** Dataset excerpt follows **

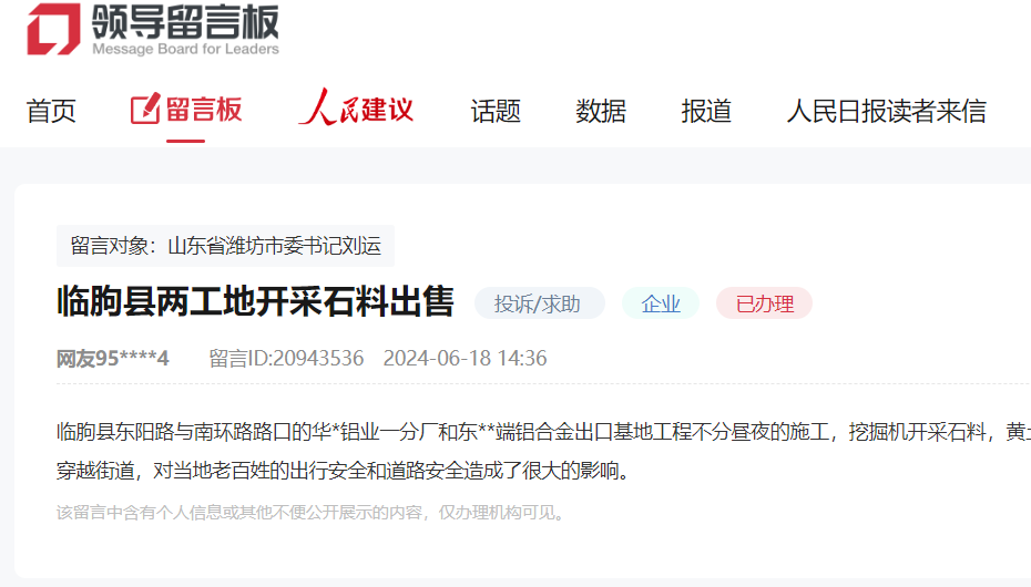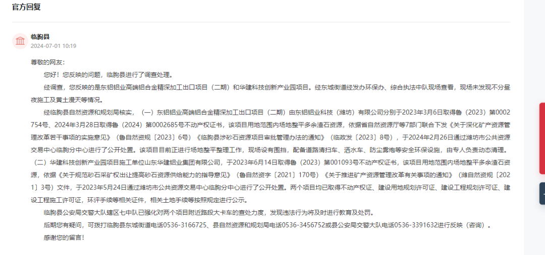 针对该网友的反映,临朐县官方进行了调查处理,并在留言板进行了回复。“经调查,您反映的是东铝铝业高端铝合金精深加工出口项目(二期)和华建科技创新产业园项目。经东城街道经发办环保办、综合执法中队现场查看,现场未发现不分昼夜施工及黄土漫天等情况。”据临朐县官方回复内容,经临朐县自然资源和规划局核实,东铝铝业高端铝合金精深加工出口项目(二期)由东铝铝业科技(潍坊)有限公司分别于2023年3月6日取得鲁(2023)第0002754号、2024年3月28日取得鲁(2024)第0002685号不动产权证书,该项目用地范围内场地整平多余渣石资源,依据省自然资源厅等7部门联合下发《关于深化矿产资源管理改革若干事项的实施意见》(鲁自然资规〔2023〕6号)《临朐县涉砂石资源项目审批管理办法的通知》(临政发〔2023〕8号),于2024年2月26日通过潍坊市公共资源交易中心临朐分中心进行了公开处置。该项目目前正进行场地整平整理工作,现场设有围挡,配备道路清扫车、洒水车、防尘雾炮等安全环保设施,由专人负责动态清理。
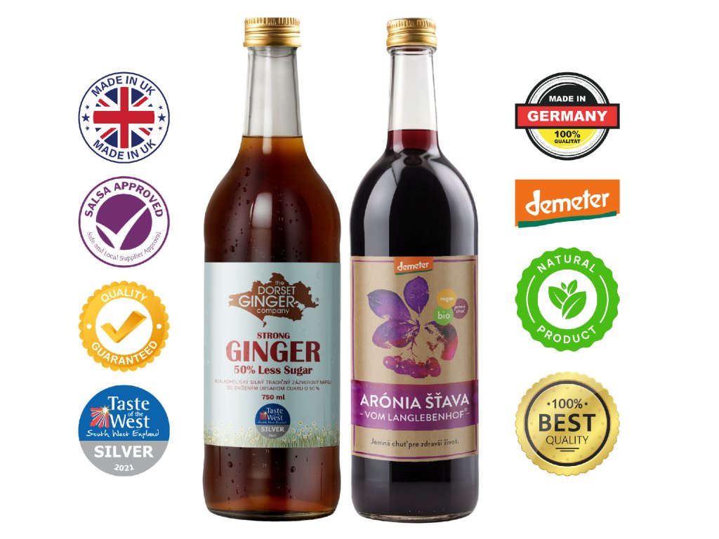 100 % bio šťáva z aronie - černá aronie, Demeter + Nealkoholický zázvorový nápoj Silný o 50 % méně cukru, 750 ml
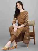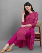 Flaunting an eye-catching pattern with subtle embellishments, this women’s kurta and pants set adds an elegant touch to your wardrobe. The print not only offers a modern and stylish look but also maintains a sense of timeless charm that can suit a variety of occasions. The lively prints complement the overall aesthetic, making it suitable for everyday wear or grand occasions alike.

** End of Dataset excerpt **

Problem requirements ▸
The response consists of the data above printed line for line, with no pictures.

Solution to the problem ▸
 针对该网友的反映,临朐县官方进行了调查处理,并在留言板进行了回复。“经调查,您反映的是东铝铝业高端铝合金精深加工出口项目(二期)和华建科技创新产业园项目。经东城街道经发办环保办、综合执法中队现场查看,现场未发现不分昼夜施工及黄土漫天等情况。”据临朐县官方回复内容,经临朐县自然资源和规划局核实,东铝铝业高端铝合金精深加工出口项目(二期)由东铝铝业科技(潍坊)有限公司分别于2023年3月6日取得鲁(2023)第0002754号、2024年3月28日取得鲁(2024)第0002685号不动产权证书,该项目用地范围内场地整平多余渣石资源,依据省自然资源厅等7部门联合下发《关于深化矿产资源管理改革若干事项的实施意见》(鲁自然资规〔2023〕6号)《临朐县涉砂石资源项目审批管理办法的通知》(临政发〔2023〕8号),于2024年2月26日通过潍坊市公共资源交易中心临朐分中心进行了公开处置。该项目目前正进行场地整平整理工作,现场设有围挡,配备道路清扫车、洒水车、防尘雾炮等安全环保设施,由专人负责动态清理。
 100 % bio šťáva z aronie - černá aronie, Demeter + Nealkoholický zázvorový nápoj Silný o 50 % méně cukru, 750 ml
 Flaunting an eye-catching pattern with subtle embellishments, this women’s kurta and pants set adds an elegant touch to your wardrobe. The print not only offers a modern and stylish look but also maintains a sense of timeless charm that can suit a variety of occasions. The lively prints complement the overall aesthetic, making it suitable for everyday wear or grand occasions alike.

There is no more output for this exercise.